Spinal anesthesia is commonly used for caesarean section and can lead to major secondary cardiovascular effects. The most frequent cardiovascular response to spinal anesthesia for elective caesarean section is a marked decrease in systemic vascular resistance and compensatory increases in heart rate and stroke volume.50 In a review of randomized, controlled trials of spinal anesthesia and caesarean section, the administration of prophylactic intravenous phenylephrine before delivery reduced the risk of hypotension by 64% compared with placebo and after delivery reduced the risks of hypotension, nausea, and vomiting by a similar amount.51 In recent years, phenylephrine rather than ephedrine has become the vasopressor of choice in obstetrics.52
Clinical Cardiovascular Findings in Normal Pregnancy
During pregnancy, healthy women experience some increased shortness of breath on exertion and increased fatigue. Because resting cardiac output is increased in pregnancy, the maximal cardiac output induced by exercise is achieved at a lower level of work. During rest or weight-bearing exercise (eg, walking or treadmill exercise), maternal oxygen uptake is significantly increased compared with the nonpregnant state.53 Furthermore, resting minute ventilation and tidal volume are increased and the expiratory reserve volume and functional residual capacity are decreased in pregnancy.54,55 Under the influence of neurohormonal changes, plasma volume increases more than red blood cell mass, resulting in the “physiological anemia” of pregnancy, and increased vasopressin secretion and drinking result in increased water retention, so despite increases in exchangeable sodium and a net gain of ≈1000 mg sodium, plasma osmolality is reduced and the hyponatremic hypervolemia of pregnancy occurs (Table). As a result, gestation-dependent edema can be found in up to 80% of healthy pregnant women. With the increases in maternal heart rate and cardiac output and the associated hypervolemia, the substantially reduced peripheral vascular resistance, and the evolving echocardiographic mild 4-chamber dilation of the heart in pregnancy, there are changes in heart sounds.
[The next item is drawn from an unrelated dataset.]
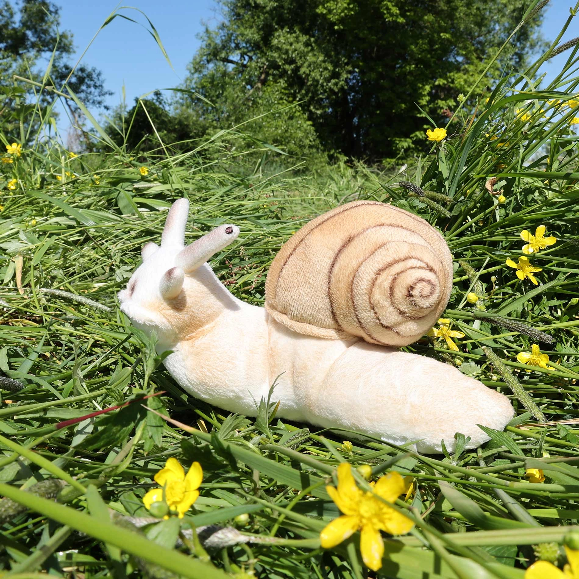 Šis maigi pūkainais gliemezis izceļas ar detalizētu izpildījumu un patīkamu materiālu, kas aicina uz mīļošanos. Pateicoties roku darbam, tas izskatās autentiski un droši pavadīs arī pašus mazākos bērnus.

After the first trimester, in the majority of mothers, the first sound is louder and has an exaggerated split (resulting from early mitral closure), an ejection systolic flow murmur is detected in 90%, a third heart sound is detected in 80%, and an atrioventricular diastolic flow murmur is detected in 20%.56 ECG changes in a normal pregnancy reflect the increased heart rate with minor left or right shifts in the QRS axis but no significant changes in ECG time intervals.17
Summary
The cardiovascular system undergoes significant structural and hemodynamic changes during the course of pregnancy. There are major increases in cardiac output and a decrease in maternal systemic vascular resistance; the renin-angiotensin-aldosterone system is significantly activated; and the heart and vasculature undergo remodeling. These adaptations allow adequate fetal growth and development, and maladaptation has been associated with fetal morbidity. Understanding the normal cardiovascular changes in pregnancy is essential to caring for patients with cardiovascular disease.